Since finding an innovative idea, establishing an entrepreneurship, designing a business conception and therefore shaping the market are all very individualistic actions, they do not necessarily need to be pre-determined; “of many ideas about technological and commercial activities which may be developed by many people, only a tiny fraction is actually turned into a venture in the form of a multi-person firm” (Witt, 1998, p. 175) implying a selection process. In general, processes influenced by human agents suffers from simplifying stylizations (Lehmann-Waffenschmidt, 2010). These include product innovations and markets as well, even though these concepts “begin as gleams in the eyes of individuals” (Sarasvathy, 2001, p. 261) and are contingent to environmental, social, technological conditions.

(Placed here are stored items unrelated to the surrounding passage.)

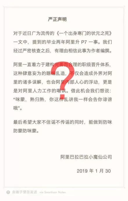 有网友质疑,工作两年的本科生根本不可能在阿里做到p7。今天网上也流传了一张来自“阿里巴拉巴拉小魔仙公司”的严正声明。↓↓
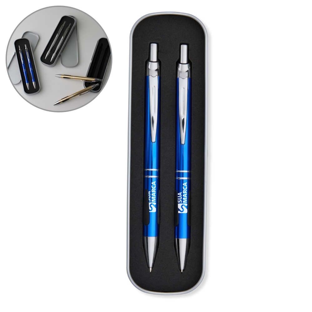 Descrição: Conjunto de caneta e lapiseira metálicas em estojo de metal. Caneta e lapiseira possuem acabamento fosco, detalhe emborrachado na parte inferior, carga esferográfica azul de 1.0mm e acionamento por clique. Estojo revestido de veludo interno.
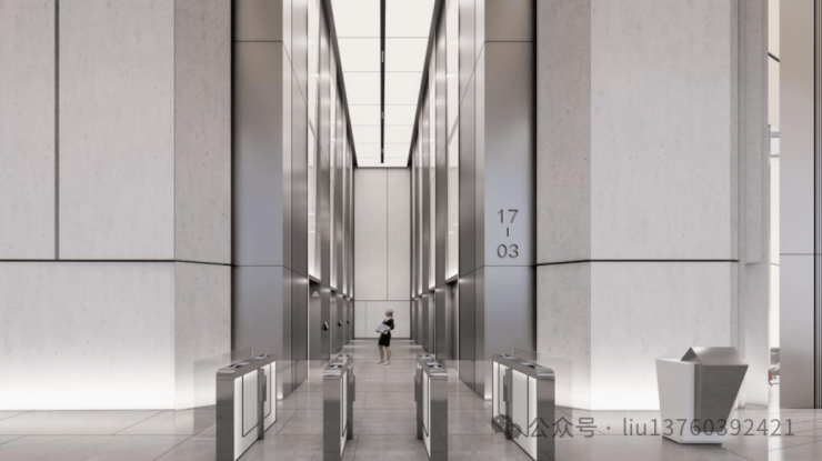 电梯采用全球第二大电梯品牌——迅达,其高速电梯在高端写字楼市场占有率位列前三。T1栋中、低区采用3.5m/s高速电梯,高区采用5.0m/s的超高速电梯,结合迅达最新的目的楼层选层PORD系统,缩短候梯时间提高效率,给客户最佳的商务乘梯感受。

Examples from SAP’s founding story include Hasso Plattner’s choice of customer service against working in the R&D lab of IBM (Plattner et al., 2000), which led him share his office with his later business partner Dietmar Hopp. Another example is how he dropped all the punch cards to the floor on a rainy day, on which the software program of SAP was coded; Plattner claims that if he did not dry all the cards immediately, they might have never had SAP’s software program R (Srinivasan and Neumann, 2009). A third example include how long the start-up period of SAP lasted, namely 15 years all by own financing, where SAP collaborators claim that with an external financing, they needed to show sound results immediately, which might not occur and SAP would not be today’s successful SAP (NWZ Online, 2015).
These all point out to the contingent nature of entrepreneurial discovery. Defining contingency as “not impossible, but not necessary” (Lehmann-Waffenschmidt, 2010, p. 482) implies that these past events have at least one other alternative possible event, which was not realized. Focusing on the concept of contingency, which has a long tradition in the management literature (see e.g. Woodward 1965), can be applied to the concept of entrepreneurial discovery if it is also seen as in the midway between chance and necessity. According to Kirzner (1997), entrepreneurial discovery can be defined as “midway between deliberately produced information in standard search theory, and that of sheer windfall gain generated by pure chance” (Kirzner, 1997, p. 72).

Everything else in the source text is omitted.